Abu Izaid’s lawyers described the delay “described” completely unacceptable in the circumstances in which hospitals were in Israel and other places available “and that” the Australian government could have taken steps to facilitate immediate transfer of emergency surgery. “
DFAT consular assistance may include contact with or visits to local hospitals, contact with local authorities, and provide lists of medical service providers and help communicate with family members or candidate communications.
Abu Izaid also says that Foreign Minister Benny Wong broke her promise to meet her, after she learned that her family wanted to present the lawyers.
Shortly after her arrival in Australia, Abu Eisenid’s father, Tareq, continued to request a meeting with Wong. Email messages that this supporters saw the Wong office is initially ready to organize a meeting with the minister. But KHIERER, Abu Izaid’s lawyer, claims that the offer was pulled when it became clear that her father wanted the lawyers to attend.
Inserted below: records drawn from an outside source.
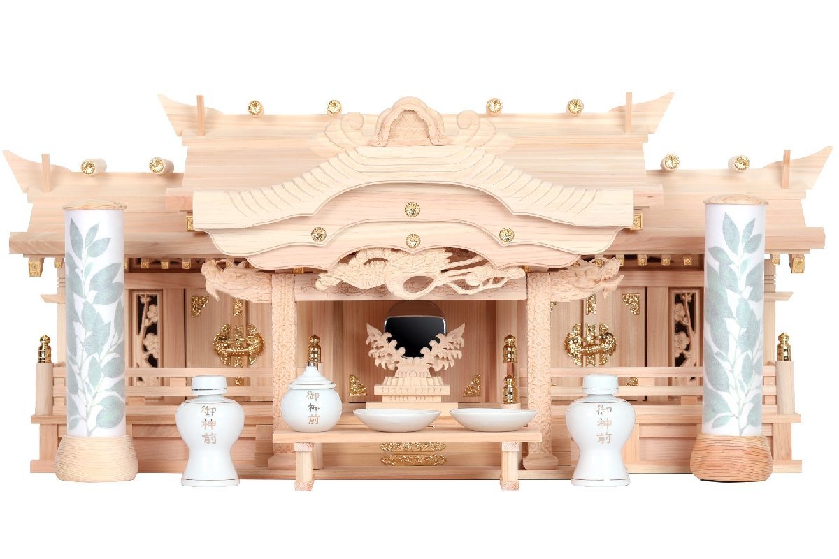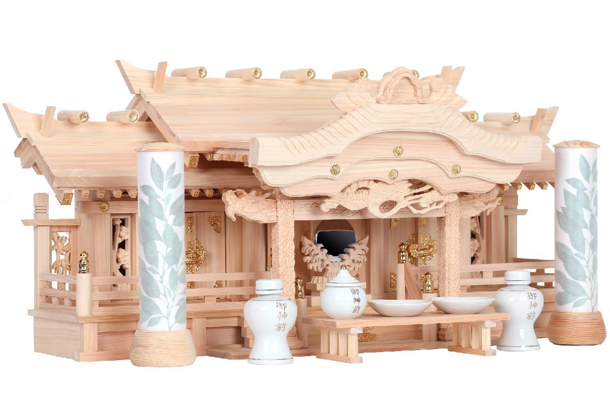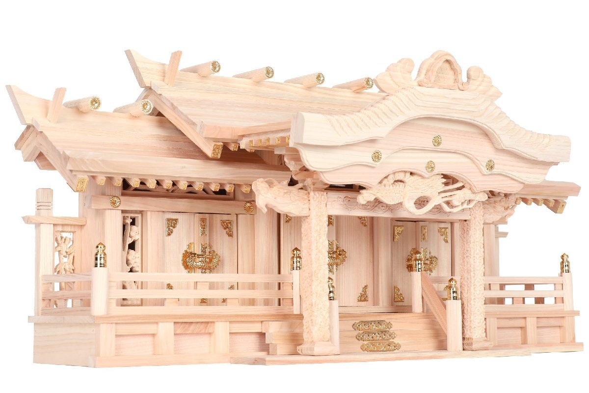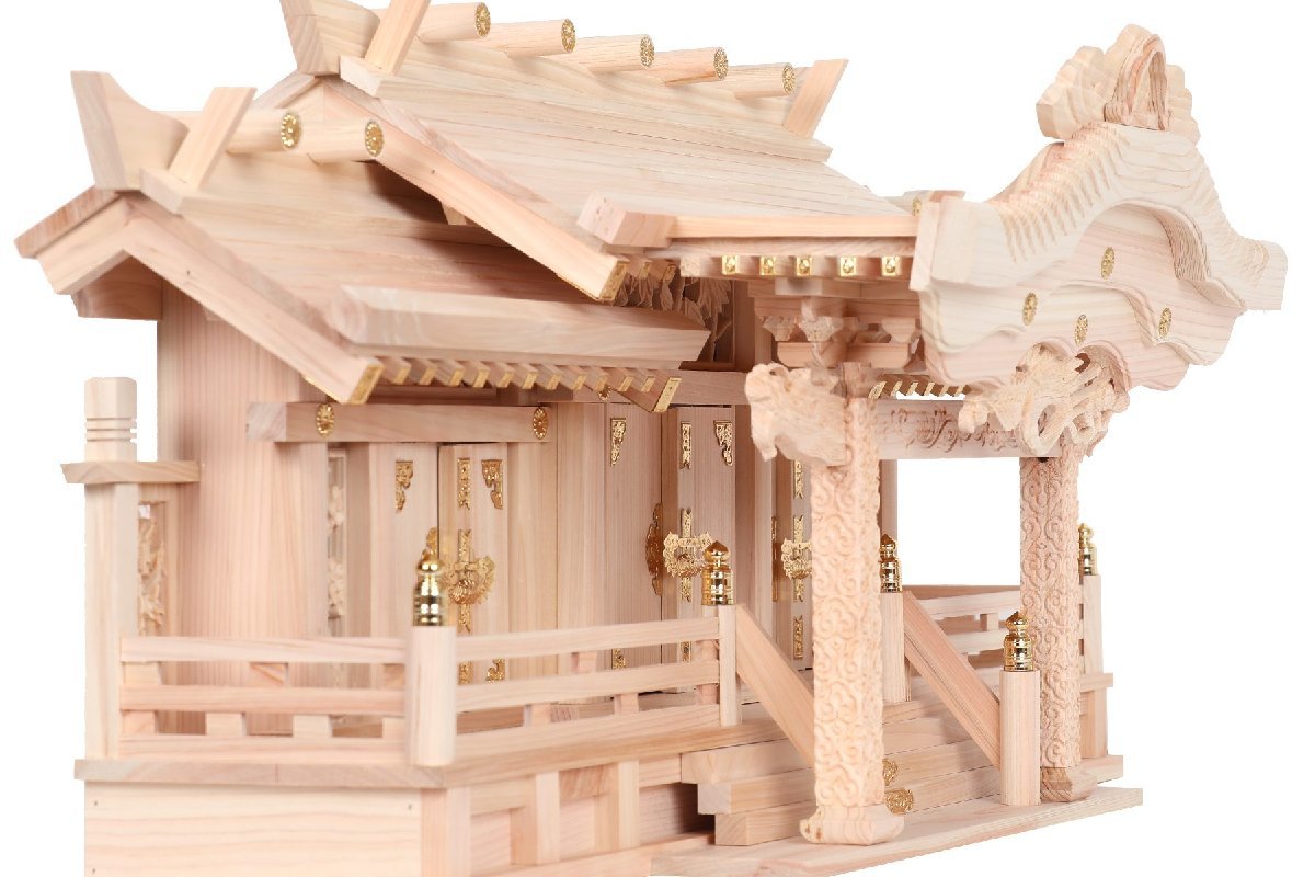 横幅は84cmと大型の神棚ですが、高さは37cmとやや抑えた低床形となります。拝殿唐破風の様式で作られた美しい屋根が魅力の社。細微な彫りで作られる装飾と大変立体的な構造、見ていて飽きのこない神棚となっています。 |
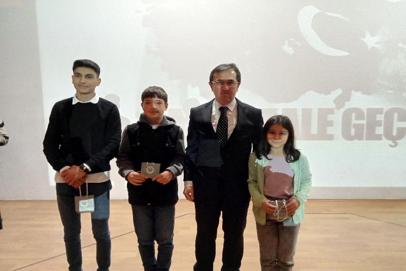 Programda, İlçe Ulusal Eğitim Müdürlüğü tarafından “Destanlaşan Çanakkale Şehitleri ve Destanlaşan Tarihimiz” temalı ilkokullar ortası fotoğraf, ortaokullar ortası şiir ve liseler ortası kompozisyon yarışlarında dereceye giren öğrenciler, mükafatlarını aldı.
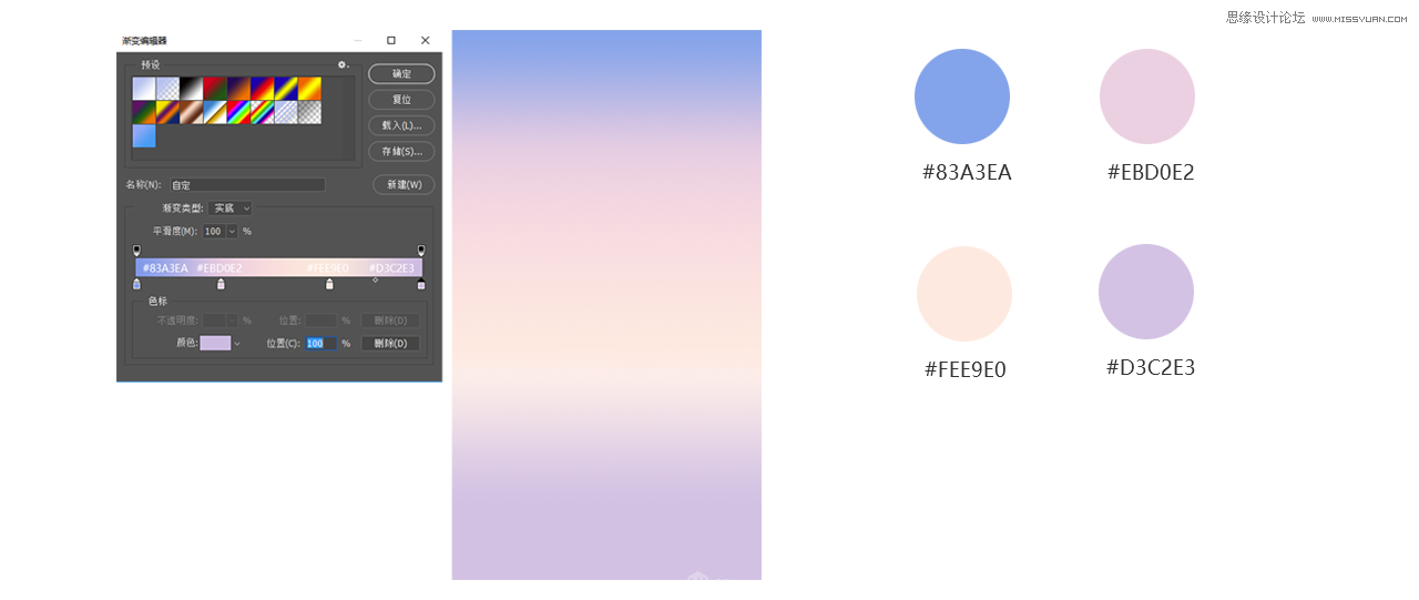 2在画布上给画面一个背景颜色,背景颜色在前期构想中就要有个想法,大致要什么样的颜色。渐变色填充整个背景,背景色彩会主导整个画面颜色方向渐变数值为:#83a3ea #ebd0e2 #fee9e0 #d3c2e3

Wong then sent a handwritten message expressing her sympathy for Abu Isenid and promised that she urges Israel to complete a comprehensive investigation.
“I am following your situation closely. We have informed us and I am the public prosecutor of the need for a transparent, comprehensive and comprehensive achievement from the Israeli government,” Wong wrote in the letter.
The Wong office said that the minister did not withdraw the offer to meet Abu Azid and her family.
The minister’s office said that due to the requests submitted by DFAT in this case, it was wise for the administration to meet with representatives of Abu Eisenid in the first place, including discussing the consular services provided to them and the requests of her family.
But for Abu Izaid, who is still looking for answers about what happened to her, Wong’s speech is disappointing.
It was recently accepted to continue studying at the University of Melbourne, although it is not in dentistry. She cannot study for long periods of time before her eye becomes tense.
She says that being on the campus raises painful memories of her university in the West Bank and the day when her life was raised.